Exercise directions: Copy without pictures. Please restate each line of the listing exactly.

Data extract:
....................

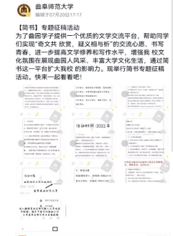 活动开始前,日照校区太阳之声大学生融媒体中心建立活动群,发布具体工作任务。杏坛文学社成员通过微信公众号、QQ空间等平台发布活动细则,号召同学们积极参与活动。在各方的联合宣传下,曲园学子积极响应,下载并注册简书APP,在简书平台「八叉书库 」专题内投稿。
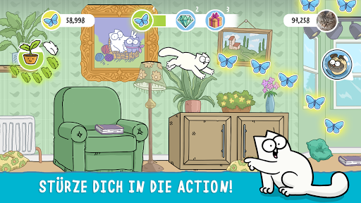 Simons Katze träumt von einem Date mit seiner großen Liebe Chloe, aber er braucht Schmetterlinge, um sie zu beeindrucken. Begib dich auf ein Abenteuer und erkunde dieses Endless-Runner-Spiel, in dem Simons Katze & Co. Schmetterlinge jagen!
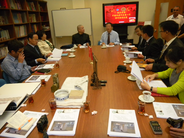 September 24, 2013, a delegation of 11 Chinese journalists and scholars, head by Mr. Sun Weilin, editor-in-chief of Democracy and Science, and accompanied by Mr. Hua You, Counselor for Cultural Affairs and Spokesmen of the Chinese Embassy in Turkey, visited Confucius Institute at Bogazici University. The delegation firstly had a meeting with Prof. Ali Teckcan, Provost of Bogazici University and Turkish Chairman of CI Council, and Prof. Arzu Ozturkmen, the Turkish CI Director. Then they visited the CI offices and had a talk with the CI staffs. Prof. Yu Jiang, Miss Nurdan Cagatay and some Chinese students help host the guests.

....................

Response to the exercise:
 活动开始前,日照校区太阳之声大学生融媒体中心建立活动群,发布具体工作任务。杏坛文学社成员通过微信公众号、QQ空间等平台发布活动细则,号召同学们积极参与活动。在各方的联合宣传下,曲园学子积极响应,下载并注册简书APP,在简书平台「八叉书库 」专题内投稿。
 Simons Katze träumt von einem Date mit seiner großen Liebe Chloe, aber er braucht Schmetterlinge, um sie zu beeindrucken. Begib dich auf ein Abenteuer und erkunde dieses Endless-Runner-Spiel, in dem Simons Katze & Co. Schmetterlinge jagen!
 September 24, 2013, a delegation of 11 Chinese journalists and scholars, head by Mr. Sun Weilin, editor-in-chief of Democracy and Science, and accompanied by Mr. Hua You, Counselor for Cultural Affairs and Spokesmen of the Chinese Embassy in Turkey, visited Confucius Institute at Bogazici University. The delegation firstly had a meeting with Prof. Ali Teckcan, Provost of Bogazici University and Turkish Chairman of CI Council, and Prof. Arzu Ozturkmen, the Turkish CI Director. Then they visited the CI offices and had a talk with the CI staffs. Prof. Yu Jiang, Miss Nurdan Cagatay and some Chinese students help host the guests.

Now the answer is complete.